Their personalities were quite different from the get-go. Ben was a momma's boy, he responded well to me and demanded to be held most of the time. Grant was easy going and responded well to Marty, but when he was upset, he sure let you know. They wanted to be together all the time so we put them in the same little crib in the hospital, they were so used to each other's presence they would not have it any other way. They did well for the first two days, but then their prematurity started showing. They burned more calories eating than they were able to take in, so they lost too much weight and stopped eating altogether. They were admitted to the special care nursery to be tube fed. Ben had jaundice and had to be put under the Billi lights for two days, that was the first time they were not able to be together, but they were so worn out by then they didn't seem to notice. They spent a total of 11 days in the hospital gaining their strength, learning to nurse, and putting on weight. They were released on Dec. 30. It was heaven to have them home.

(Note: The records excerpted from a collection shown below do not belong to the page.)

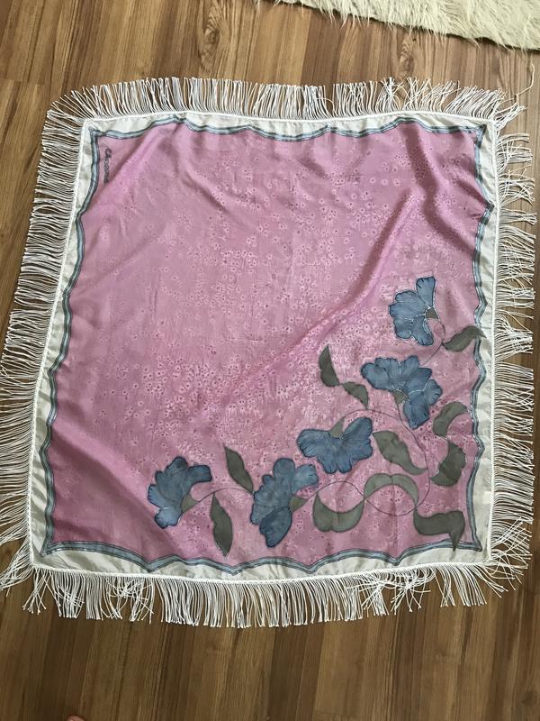 Стиль - батик и роспись по шёлку.Чистый шелк. Размер {без бахромы}: 86х84. Длинна бахромы-8см.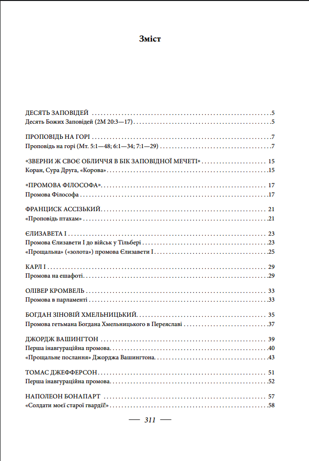 Історію творять видатні особистості. Але чи можуть слова змінити її хід? Звичайно, можуть, якщо вони були вимовлені великою людиною. Ця книга є зібранням публічних промов людей різних епох і народів — від найдавніших філософів до сучасних політиків, громадських і релігійних діячів. Мойсей, Франциск Ассізький, Богдан Хмельницький, Джордж Вашингтон, Наполеон Бонапарт, Михайло Грушевський, Вінстон Черчілль, Джон Кеннеді, Мартін Лютер Кінг, Мати Тереза… У виступах цих та інших найвидатніших персон можна знайти слова та думки, які не залишать нікого з читачів байдужими. З ними можна погоджуватися і сперечатися, але харизма кожного з ораторів і досі відчувається навіть зі сторінок книжки.
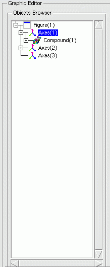 Placed on the left side of the graphical editor, a hierarchical tree selector specifies which object is currently edited. It can be used to switch from a graphic object to another provided that they are in the same graphic window.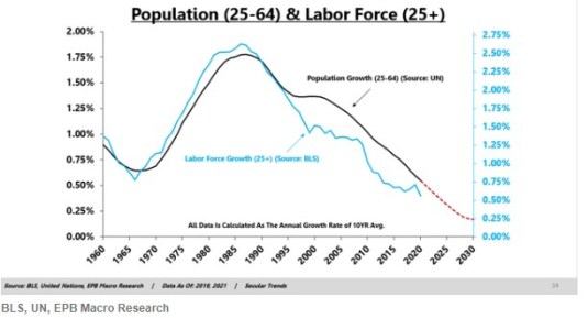 Over the long run, the world’s major economies will have worse economic growth, which will negatively impact pro-cyclical asset prices (like stocks).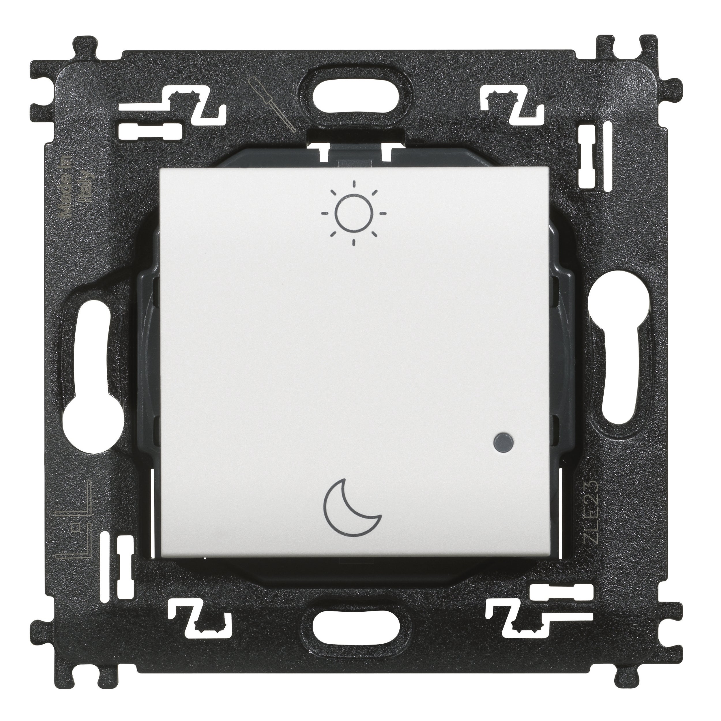 Comando scenario Notte&Giorno wireless.. Alimentazione a batteria 3V tipo CR2032 (fornita a corredo) con autonomia di 8 anni - 2 moduli.. Necessità di attivare e disattivare scenari NOTTE e GIORNO da fuori casa. Dispositivo dotato di 2 pulsanti per l'attivazione degli scenari Notte e Giorno personalizzabili dall'app HOME + CONTROL. Installazione superficiale con adesivi riposizionabili (forniti a corredo) o su scatole da incasso. LED integrato per la segnalazione di batteria scarica. Compatibilità con serie Livinglight. Installazione superficiale con adesivi riposizionabili (forniti a corredo) o su scatole da incasso

That was such a difficult time for our family. Having the boys in the hospital over Christmas was devastating. Marty and Emma both had colds and were not allowed in the nursery, they were unable to visit for a full week. We managed to get through it with God's help, and now it has been two years. Thousands of diapers, thousands of dollars in baby food, and thousands of hugs, kisses, and loving moments. The newborn stage with the twins was incredibly hard, in the first six weeks the longest I slept was 40 minutes. By three months, I was able to log in a couple of hour and a half stretches, and they did not both sleep through the night until 15 months old. I have learned that God will give me what I need to survive, and I can do a lot more with a lot less than I thought I could. These boys are amazing, and I am looking forward to seeing their individual personalities develop.
Happy birthday, Grant and Ben. I love you both so much and I am thrilled to be your Mom. I can't wait to see what the next two years bring!

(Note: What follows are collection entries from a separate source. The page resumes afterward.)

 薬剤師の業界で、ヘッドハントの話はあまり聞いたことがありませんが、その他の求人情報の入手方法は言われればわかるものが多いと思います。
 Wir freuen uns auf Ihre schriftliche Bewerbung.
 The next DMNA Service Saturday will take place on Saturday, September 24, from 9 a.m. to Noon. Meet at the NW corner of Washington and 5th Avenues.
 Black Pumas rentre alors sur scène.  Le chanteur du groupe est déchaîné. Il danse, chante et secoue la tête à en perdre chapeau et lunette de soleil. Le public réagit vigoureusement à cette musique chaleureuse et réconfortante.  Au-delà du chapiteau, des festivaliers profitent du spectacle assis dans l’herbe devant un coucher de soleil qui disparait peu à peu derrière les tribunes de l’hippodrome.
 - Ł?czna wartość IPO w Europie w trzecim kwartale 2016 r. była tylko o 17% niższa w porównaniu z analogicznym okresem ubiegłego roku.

Family and friends, congratulations on your sons'/nephews'/grandsons'/friend's kids' birthday!
6 comments:
Awwww Tiff I love labour storys... and boy you WERE quick!!!!
Well I hope the boys, and you have a fantastic day. Happy birthday Grant and Ben.
Love Lia xx
I can't believe I have to miss the party! I almost cried last night thinking about it! I love you Grant and Ben! I'll see you on Monday! -Auntie Kelina
Happy Birthday Grant and Ben! Luvs and kisses from your favorite Aunty!
Tiff,
As I sit here and read this, I am almost in tears! I so hope I don't miss this last one. I can't believe the emotion that I feel when reading this story. I love you boys!! Have a great birthday. I am sorry to miss it!!!
Happy Birthday Bubbas!! I love you both so much and enjoy being your Daddy.
Love, Daddy
Happy Birthday Grant and Ben! I did get to hold you when you were only a month old and you were just precious. What a joy you are to your family! Also I do like labor stories too and a woman who has had a baby should be listened too. Hope this next labor blesses you w/only kind hearted nurses who get you know what you are talking about.